DES MOINES, Iowa (Agriculture.com)--The sell-off continued to pressure the CME Group grain and soybean futures prices Friday.

The Dec. corn futures settled 9 cents lower at $6.92. The Nov. soybean contract closed 3 1/4 cents lower at $13.55 1/2. The Dec. wheat futures closed 7 3/4 cents lower at $6.88 1/4. The Dec. soymeal futures closed $0.90 per short ton lower at $353.10. The Dec. soyoil futures settled $0.31 higher at $56.86.

In the outside markets, the NYMEX crude oil is $1.45 per barrel lower, the dollar is higher and the Dow Jones Industrials are up 68 points.

Brian Basting,  Advance Trading Inc. market analyst, says the markets suffered from a sell-off based on technical follow-through. "Once Dec. corn futures failed to hold that $7.00 mark that was a key signal for folks to sell.
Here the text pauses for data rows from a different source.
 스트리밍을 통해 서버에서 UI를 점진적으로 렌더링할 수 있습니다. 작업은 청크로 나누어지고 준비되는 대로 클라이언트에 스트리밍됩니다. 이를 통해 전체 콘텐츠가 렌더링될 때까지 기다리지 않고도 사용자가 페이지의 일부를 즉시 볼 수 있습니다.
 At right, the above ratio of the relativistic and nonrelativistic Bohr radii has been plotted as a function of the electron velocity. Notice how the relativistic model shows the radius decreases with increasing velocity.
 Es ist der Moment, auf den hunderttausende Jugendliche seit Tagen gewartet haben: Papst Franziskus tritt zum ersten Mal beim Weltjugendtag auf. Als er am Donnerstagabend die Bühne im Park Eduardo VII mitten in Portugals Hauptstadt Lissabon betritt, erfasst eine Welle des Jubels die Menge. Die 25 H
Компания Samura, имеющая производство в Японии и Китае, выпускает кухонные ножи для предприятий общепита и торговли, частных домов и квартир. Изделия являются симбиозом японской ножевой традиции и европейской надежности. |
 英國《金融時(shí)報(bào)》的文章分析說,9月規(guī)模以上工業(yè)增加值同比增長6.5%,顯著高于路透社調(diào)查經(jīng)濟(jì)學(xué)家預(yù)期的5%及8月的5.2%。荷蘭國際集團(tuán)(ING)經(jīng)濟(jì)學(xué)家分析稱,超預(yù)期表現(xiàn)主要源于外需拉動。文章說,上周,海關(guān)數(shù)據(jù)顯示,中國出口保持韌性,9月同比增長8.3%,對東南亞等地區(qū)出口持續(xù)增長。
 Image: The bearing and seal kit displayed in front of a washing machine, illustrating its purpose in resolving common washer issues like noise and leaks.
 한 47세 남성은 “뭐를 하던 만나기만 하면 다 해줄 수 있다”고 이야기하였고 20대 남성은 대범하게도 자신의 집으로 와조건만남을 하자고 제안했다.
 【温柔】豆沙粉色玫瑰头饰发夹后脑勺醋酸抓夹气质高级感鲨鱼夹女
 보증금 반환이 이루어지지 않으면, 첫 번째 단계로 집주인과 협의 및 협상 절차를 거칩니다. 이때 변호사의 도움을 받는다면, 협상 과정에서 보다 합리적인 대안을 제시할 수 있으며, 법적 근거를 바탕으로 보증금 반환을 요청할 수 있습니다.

Fundamentally, this week's exports were strong but shipments are not going so well."

With more wheat being used to replace corn as a feedstock, corn is running into a lot of competition. Plus, with Argentina estimating record corn production this year, there is more world competition for the U.S. corn market,Basting says.

Meanwhile, with the soybean market shaving off nearly $1.00 since its August peak, some farmers may be wondering when their next chance to sell might be. Basting says to not hesitate to cash-in on these historically high prices.
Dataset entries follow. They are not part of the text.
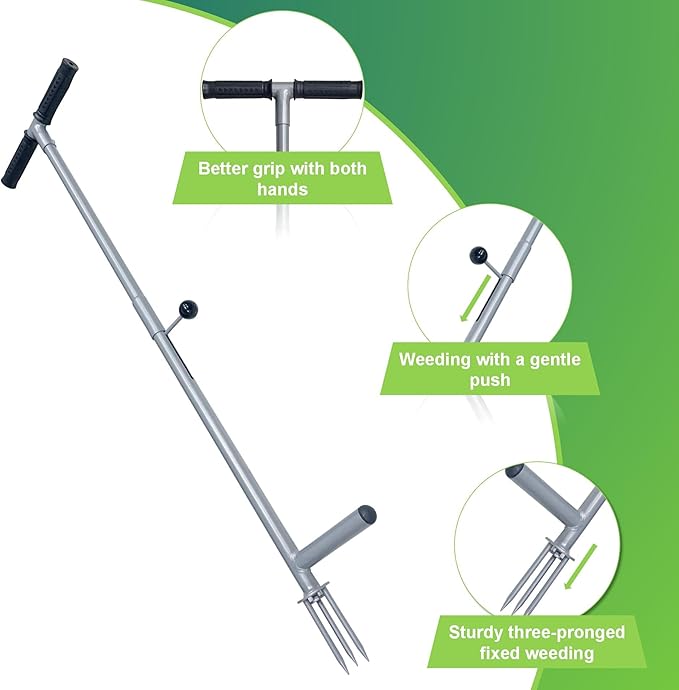- 【Eegonomically Design】Different from the original vertical weeding machine, our company's product design has a grip held by both hands, through the foot to insert the three-pronged steel fork into the root of the weed for digging, the middle of the push handle can be very simple to remove the weed, more convenient for you to stand weeding operations
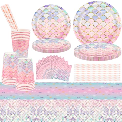 Sjöjungfru födelsedag dekoration, 81 stycken sjöjungfru festservis set barnfödelsedag dekoration, sjöjungfru party tallrik med dukar koppar sugrör servetter för baby dusch födelsedagsfest
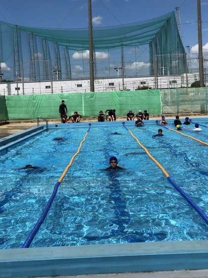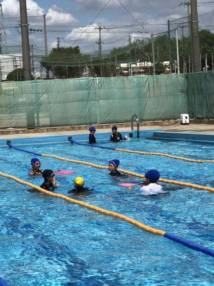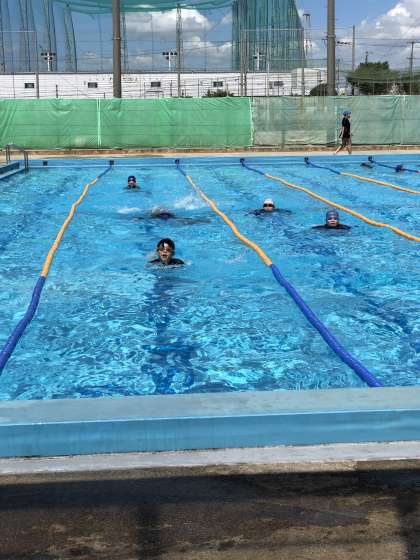 女子は、ビート板を使って練習です。お互いにアドバイスをしあっています。男子は平泳ぎです。今日も暑く、とても気持ち良さそうでした。
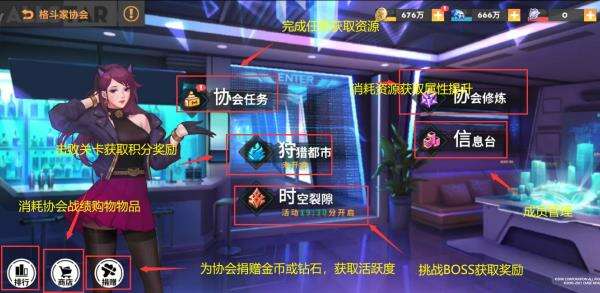 协会功能分协会任务、协会修炼、狩猎都市、信息台、时空裂缝、商店、捐赠以及排行。
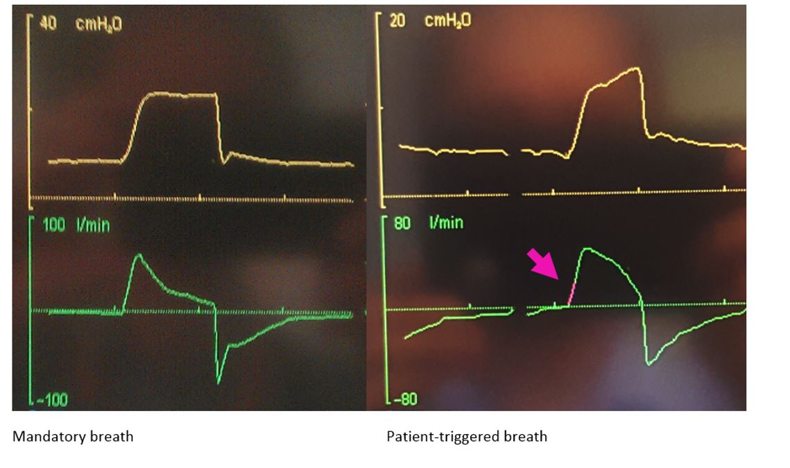 • Some machines indicate spontaneous respiratory effort by colouring the waveform
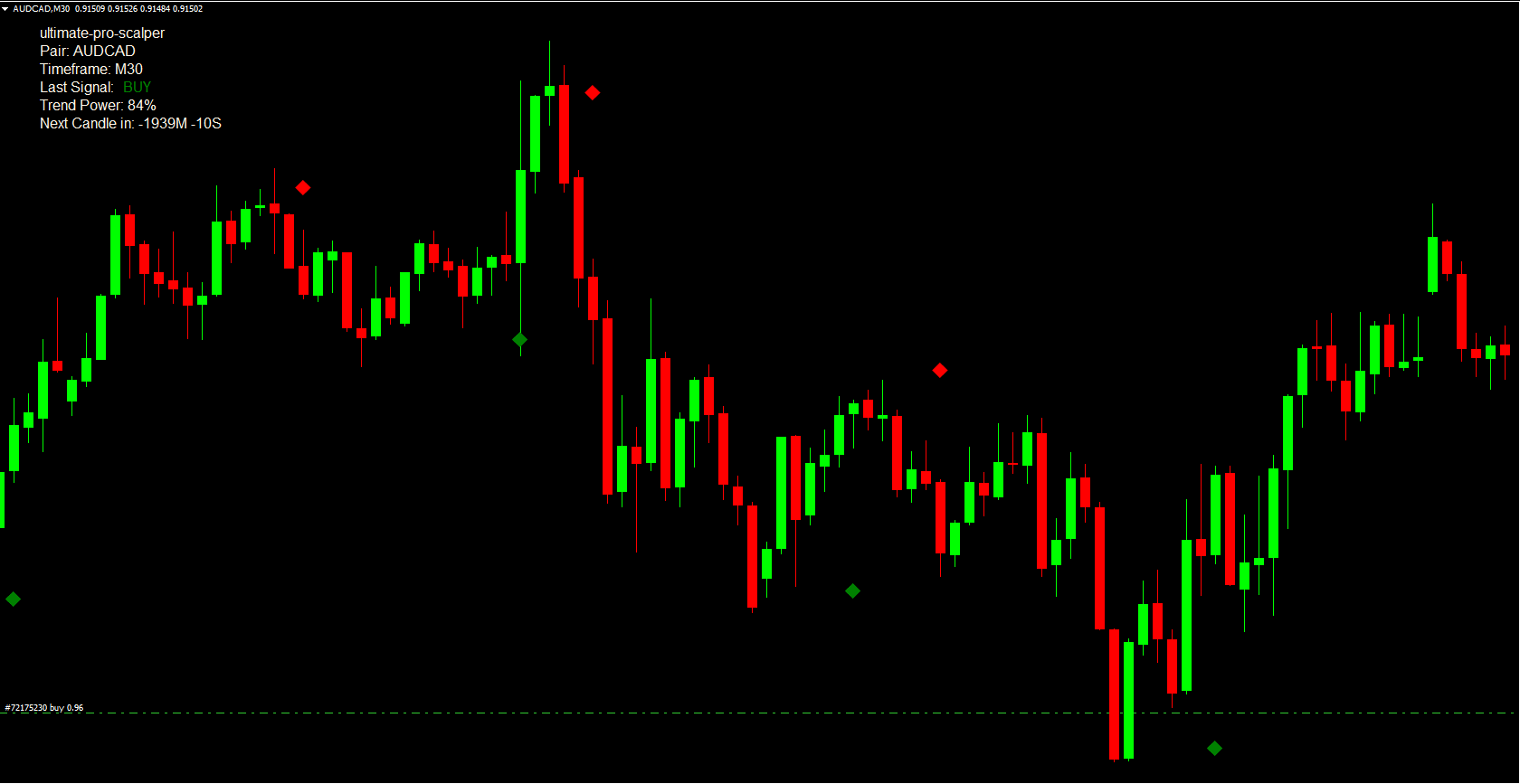 Buy Signal: When a green diamond appears, consider opening a buy position.

"Farmers can still sell cash beans and buy a 'call' option to capture anymore upside there might be. And, it would be prudent to buy a 'put' option to protect their floor price. There are some wonderful opportunities out there, this year, for farmers," Basting says.

Meanwhile, the frost and freeze event this week looks to have fallen short of a five-state event. Instead, it reportedly hit three states with losses of up to about 50 million bushels, Tim Hannagan, PFGBest.com senior grain analyst says. "You can't tell on frost problems until the harvest occurs and weights of corn are down ,as well as beans with smaller soy oil content. So, it's all farmer opinions that we're hearing on crop losses."